March 11, 2012|By David Simon, Special to The Sun
The commissioners looked at a few pages of photographs. Cassidy at his graduation from York College. Cassidy in his rookie photo from the Western. Gene and Patti in the limo at their wedding. Then, abruptly, a page of black construction paper, punctuated only by the date of the shooting. Then, photographs of Cassidy's children — Patti, and Lauren, who was conceived a month or so before the shooting and born seven months after, and Kevin, three years after that.
Cassidy has kept the binder. He offers it to a visitor in his basement rec room, waits, listening as the pages are turned. His face is gray-yellow, jaundiced. He isn't at his best today. In fact, he'll be headed back to the hospital an hour or so after the interview ends. But now, remembering the hearing, he is animated.
"They asked me if I wanted to sit for the hearing, but I wouldn't do that," he remembers. "I told them, no thank you, I'm fine."
Patti remembers the look on Frazier's face: "He was looking at you, amazed that you were standing there," she tells Gene. "He couldn't believe that you were there in front of him."
The commissioners looked at the binder.
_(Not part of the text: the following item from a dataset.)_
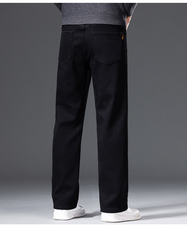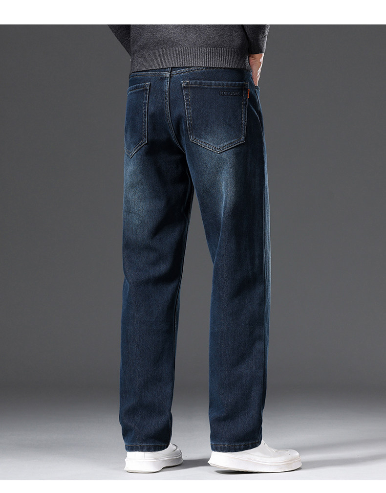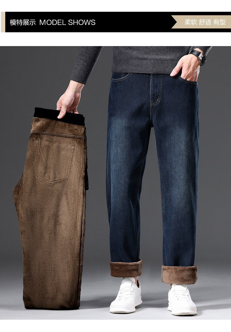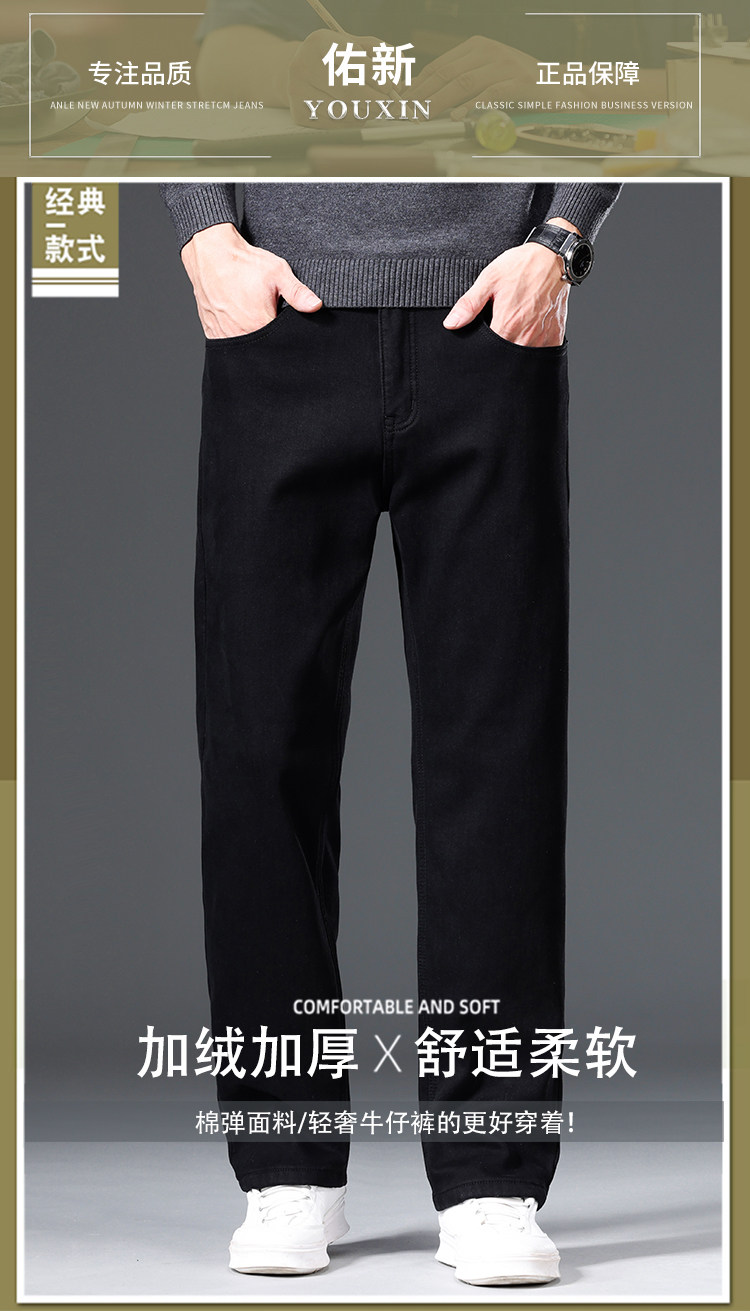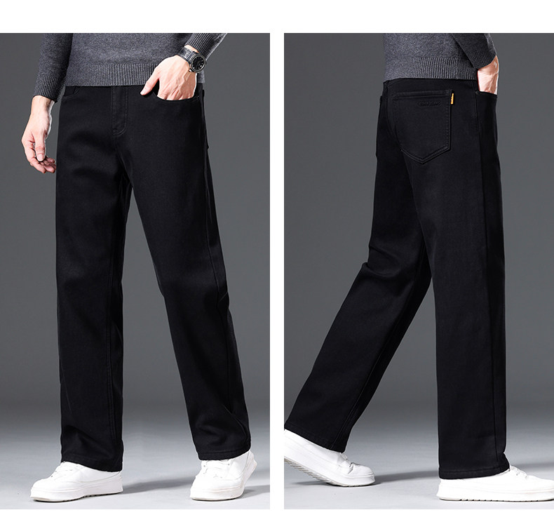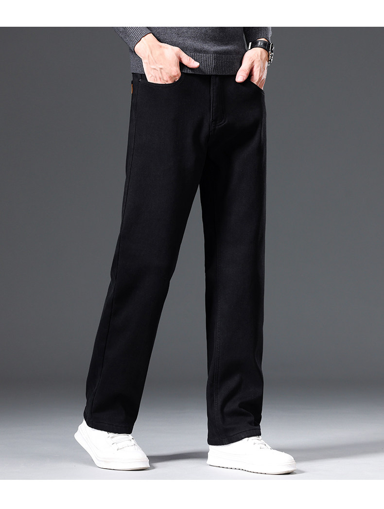 High-End Fleece-Lined Men's Straight-Leg Loose Jeans 2026 New Winter Black Thickened Warm Casual Pants for Middle-Aged Men

Then they sent Butchie Frazier back to prison. And Cassidy went on with life itself, which is the real and righteous revenge.
He is now 51 years old, retired as a sworn officer but still teaching at the academy. That's more than two decades of cadet classes, each and every member of which bears the stamp of Gene Cassidy. He taught them law; the vagaries of probable cause, the way it works on the street. And he taught them something more. For them, he's a talisman, an argument — walking, talking, living proof that what they do every day matters, that they are beholden to each other, that what they are asked to do and expected to do carries with it a fixed and constant risk.
Cassidy built that legacy when many thought he was finished, that having survived his shooting in miraculous fashion, he should take his 100-percent disability and do whatever it is one does when you are no longer required to show up. They didn't get it.
After the shooting, he told his closest friends that he would not quit. I want, Cassidy told them, to have my children grow up watching me get up every morning and going to work. That was essential.
Only days after he came home from Shock Trauma and from all that rehab, Gene turned to Patti and asked her if she wanted to go out to dinner; that nice place in Hunt Valley, the one they liked.
"Gene, we can't go out to eat."
"Why not?"
"I can't. I'm not ready for that."
"Sure you are."
Patti Cassidy met her husband at York College, where he was majoring in law enforcement. He had grown up in North Jersey, but attending college in York soon oriented him toward the metropolis just to the south. She can remember him new to the Baltimore department, standing in the Inner Harbor — a short world away from the Western District — taking in the city's brand-new waterfront, telling her that this was a place he wanted to police.
And yes, there were later moments when Patti would begin to wonder, aloud, what life might have been like with other choices, other decisions.
"Don't even go there," Cassidy would tell her, shutting it down.
This is the life that is. He carries it like that, day after day, year after year.
* * *
Cassidy's old shift spends the afternoon chasing calls that haven't changed since 1987: domestic complaints, juvenile shoplifting, car stops, and, of course, drug trafficking on Lauretta, on Lanvale, on Payson, on Bentalou.
Everyone backs the calls, showing up in twos and threes, leaving no one to get out of a one-man car and stand alone. Shanice Price, a young female officer with little time on the job, pulls up a pedestrian, thinking him right for an outstanding warrant. But when she keys her mike, she's told by dispatch that the computer is down.
She holds him for as long as she can, but eventually, when the system stays down, Price gives the suspect a walk. Later, she learns that, yes, she'd been thrown a false name. The rest of sector two spends hours hunting the mope, hoping to make right on the insult.
"There's ways to hold a guy if you have to," explains Santucci, schooling her in street legal. "You can always come up with reasons."
They hunt some more for the man, checking the Bentalou corners, but, no, not today. They finish their shift and come home, parking the units around the house. Run sheets are dumped, keys exchanged.